Estávamos em uma sala que reconheci. Ele estava


sentado em uma poltrona, um copo de cristal na mão, um
fogo baixo atrás de mim. Seus aposentos privados, eu estava
supondo. Ele estava vestido para o jantar formal, seu casaco
fino bordado em padrões azuis e dourados, para combinar
com o meu vestido. Seus olhos verdes estavam iluminados
pelo reflexo do fogo, suas pernas se separando ligeiramente
enquanto ele olhava para mim, inclinando a cabeça para o
lado.

“Você foi convocada para jantar,” ele falou lentamente.


“Não para minha bota.”

“Ajude-me a levantar,” resmunguei em resposta.
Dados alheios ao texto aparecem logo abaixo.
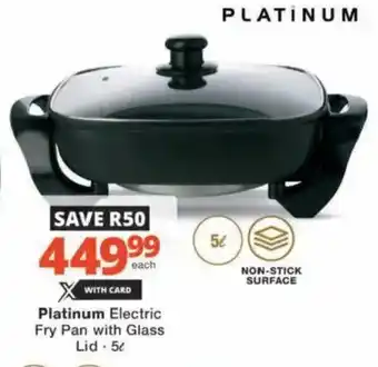 Platinum Electric Fry Pan with Glass Lid offers and online specials, directly from Checkers Hyper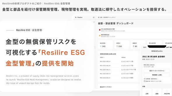 また、下請け企業に対する法的強化が年々進む中で、サプライヤーに在庫として無償で金型を持たせている企業が問題になっている。この問題を解決するために金型と部品をひも付けて保管期限/現物管理可能なサービス「Resilire ESG 金型管理」も同年4月頃に提供開始予定である。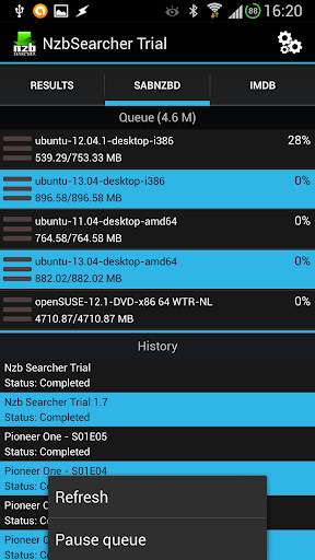 - Press menu in the sabnzbd screen to refresh or pause the queue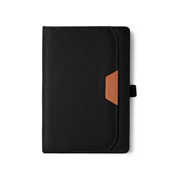 A5 notepad with 600D RPET hardcover and PU with outer pocket.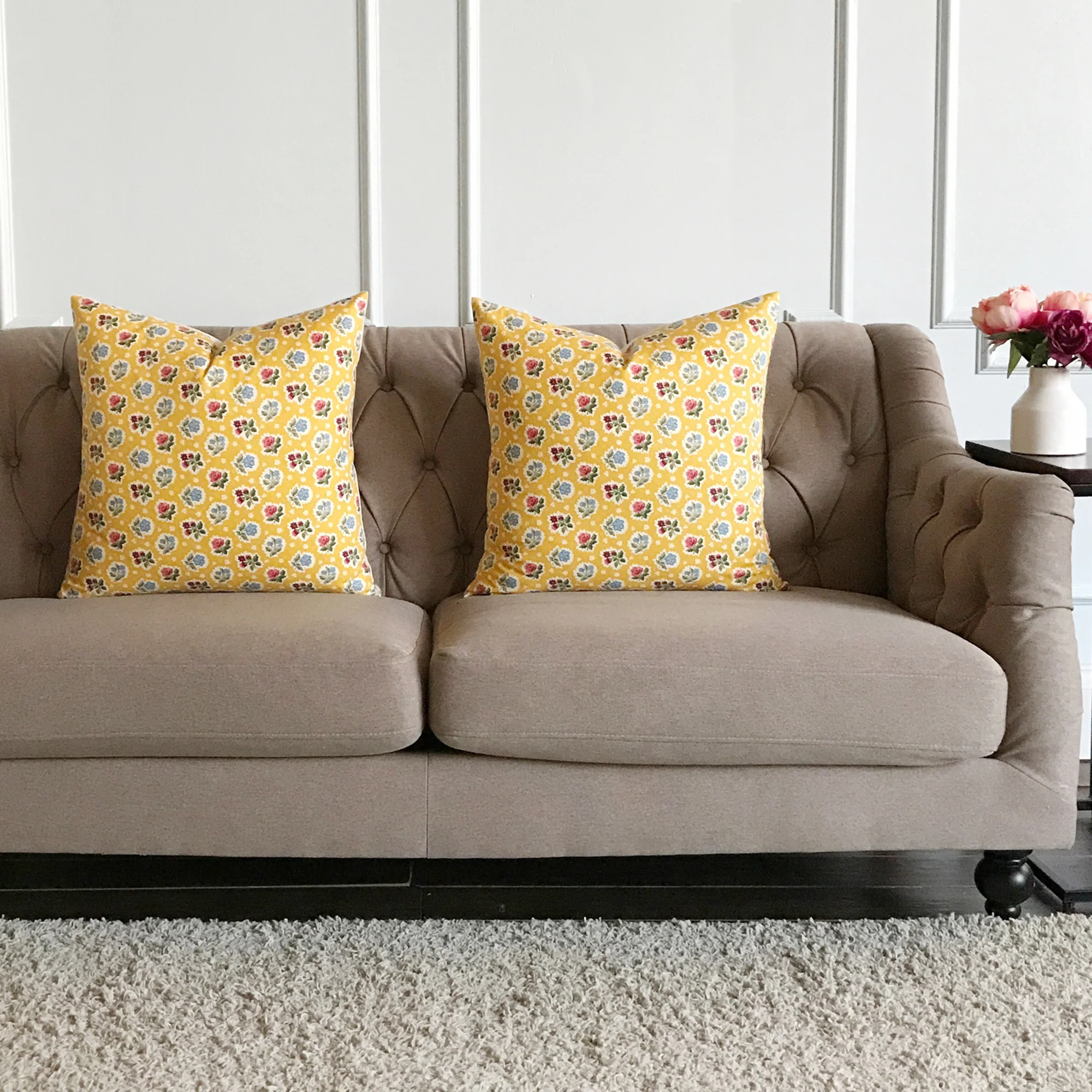 Bright Yellow English Country Floral Throw Pillow Cover 22x22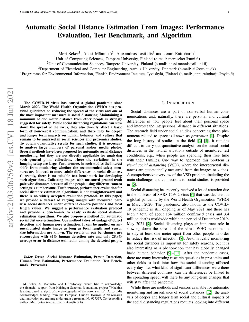 Automatic Social Distance Estimation From Images: Performance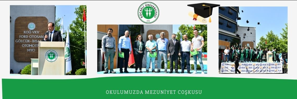 Okulumuzda Mezuniyet Coşkusu 2021-2022 Eğitim-Öğretim Yılı Mezuniyet Töreni Okulumuzda gerçekleştirildi. Tüm öğrencilerimize bundan sonraki hayatlarında başarılar dileriz. Kocaeli Üniversitesi Ford Otosan İhsaniye Otomotiv Meslek Yüksekokulu olarak 2021-2022 Akademik Yılı mezuniyet törenini gerçekleştirdik. Bu yıl 8. dönem mezunlarımızı uğurladığımız mezuniyet törenine Rektör Yardımcısı Prof. Dr. Nilgün Fığlalı, Gölcük Kaymakamı Cengiz Karabulut, Gölcük Belediye Başkanı Ali Yıldırım Sezer, Ford Otosan Fabrika Müdürü Aysan Hoşver, MYO Müdürümüz Doç. Dr. Abdulkadir Cengiz, Gölcük MYO Müdürü Dr. Öğr. Üyesi Fahrettin Öveç, Ford Otosan temsilcileri, akademik ve idari personel yanı sıra mezun öğrenciler ve aileleri katıldı. Saygı duruşunda bulunulması ve İstiklal Marşı'nın okunması ile başlayan törenin açılış konuşmalarında Rektör Yardımcısı Prof. Dr. Nilgün Fığlalı, Gölcük Kaymakamı Cengiz Karabulut, Gölcük Belediye Başkanı Ali Yıldırım Sezer, Ford Otosan Fabrika Müdürü Aysan Hoşver ile MYO Müdürümüz Doç. Dr. Abdulkadir Cengiz mezun olan öğrencilere gelecek hedeflerinde başarılar dilediler. Öğrenciler adına ise Otomotiv Teknolojileri Programı Birincisi Esat Kerim Göksu teşekkür konuşmalarını gerçekleştirdi. Endüstriyel Kalıpçılık, Makine Resim ve Konstrüksiyon, Otomotiv Teknolojileri ile Otomotiv Gövde ve Yüzey İşlem Teknolojileri programlarından toplam 170 öğrencinin mezuniyet heyecanı yaşadığı törende, bölümlerinde dereceye giren öğrencilere plaketlerini protokol üyeleri takdim etti. Tören, öğrencilerin birlikte kep atması ile sona erdi.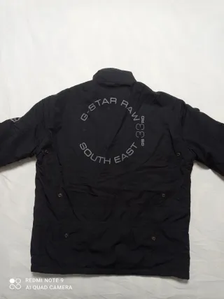 (120-250)(20-60) Chaqueta G-Star Raw en color negro.Diseño moderno y funcional. Está en perfecto estado!! Talla L. Medidas: Ancho Axila-Axila: 60 cm. Largo: 65 cm. - Cierre frontal con cremallera. - Bolsillos con solapa y botones. - Cuello alto. - Detalle de parches en manga.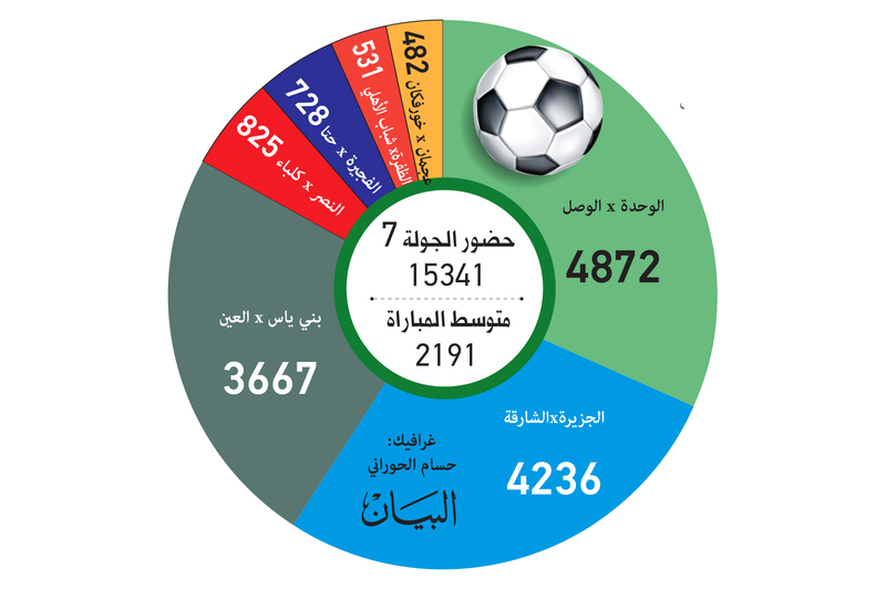 أما أكبر حضور جماهيري خلال الجولة السابعة فقد شهدته مباراة الوحدة مع الوصل والتي حرص 4872 مشجعاً على حضورها ودعم لاعبي الفريقين، وهو عدد ليس بالكبير مقارنة بأهمية المباراة ومكانة الناديين الجماهيرية، كما شهدت مباراة الجزيرة مع الشارقة حضور 4236 مشجعاً ما أضاف إلى المدرجات بريقاً أسهم في زيادة حماس اللاعبين، وتقديم أداء طيب خاصة من فريق الشارقة الذي يواصل تميزه واعتلاءه صدارة المسابقة، كما شهدت مباراة بني ياس مع العين أكبر حضور جماهيري في ملعب الشامخة خلال الموسم الحالي، حيث حرص 3667 مشجعاً على حضور المباراة ودعم لاعبي الفريقين.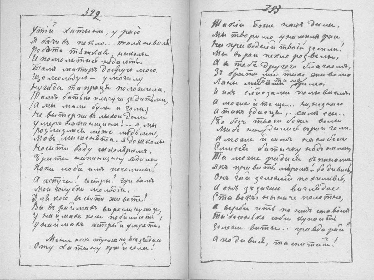 «Мала книжка» Тараса Шевченка. С. 392 – 393 – продовження поезії «Якби ви знали, паничі…» з рядка «У тій хатині, у раю…»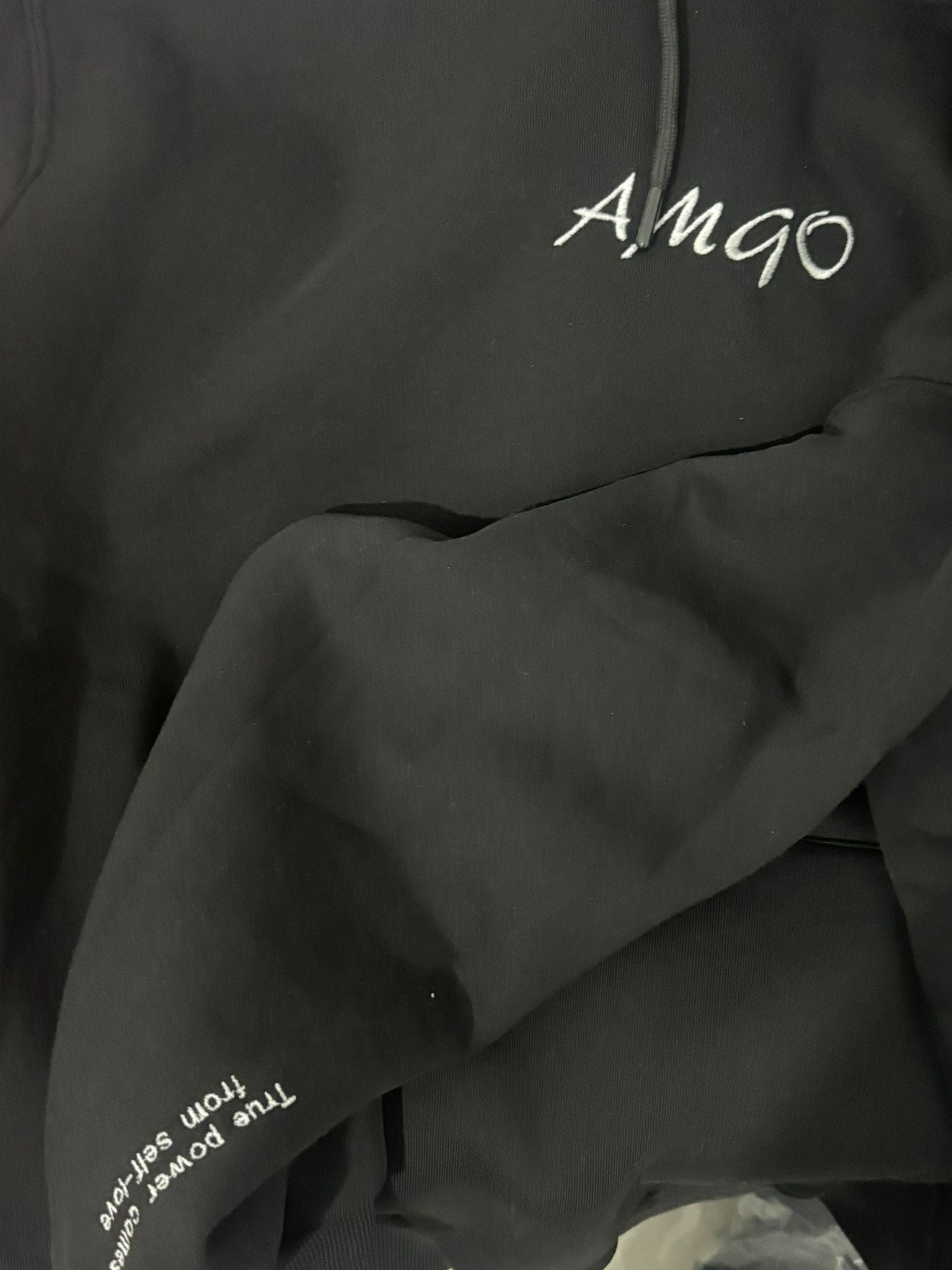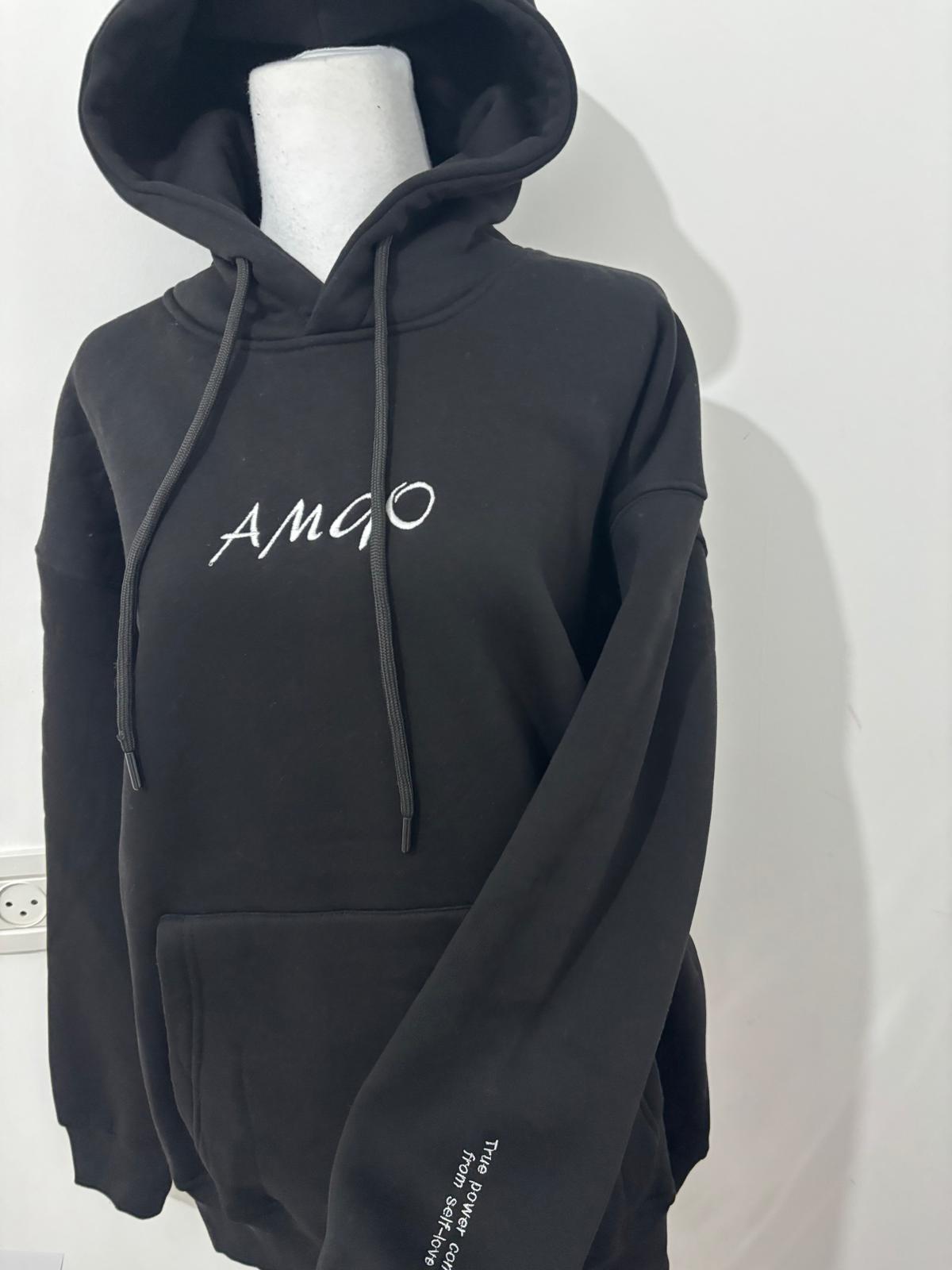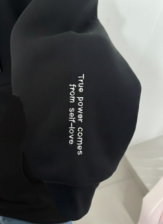 קפוצ'ון שחור-עם כיתוב על השרוול

Ele se inclinou de repente, a mudança em sua postura


era um movimento tão fluido que não percebi o quão perto ele
estava até que seu rosto estava pairando sobre o meu. Ele
pressionou o copo no meu lábio inferior, inclinando-o
ligeiramente.

“Se você beber, eu vou ajudar,” ele sussurrou. Havia


uma faísca de interesse em seu olhar, uma sombra de
satisfação sombria. Ele gostou muito de eu estar à sua mercê
novamente.

“Não importa,” murmurei contra o copo. “Vou fazer isso


sozinha.”

Ele riu, movendo a borda um pouco para que esfregasse


lentamente ao longo do comprimento do meu lábio antes de
arrastá-lo de volta para a outra borda. Minha língua estalou
instintivamente, perseguindo a sugestão de vinho
umedecendo a costura da minha boca. Ele observou o
movimento, um pouco da escuridão em seu olhar ficando
afiado e astuto, como se eu o tivesse atacado pessoalmente de
alguma forma. Empurrei o copo para longe, sem me importar
que o líquido roxo profundo espirrou em sua mão.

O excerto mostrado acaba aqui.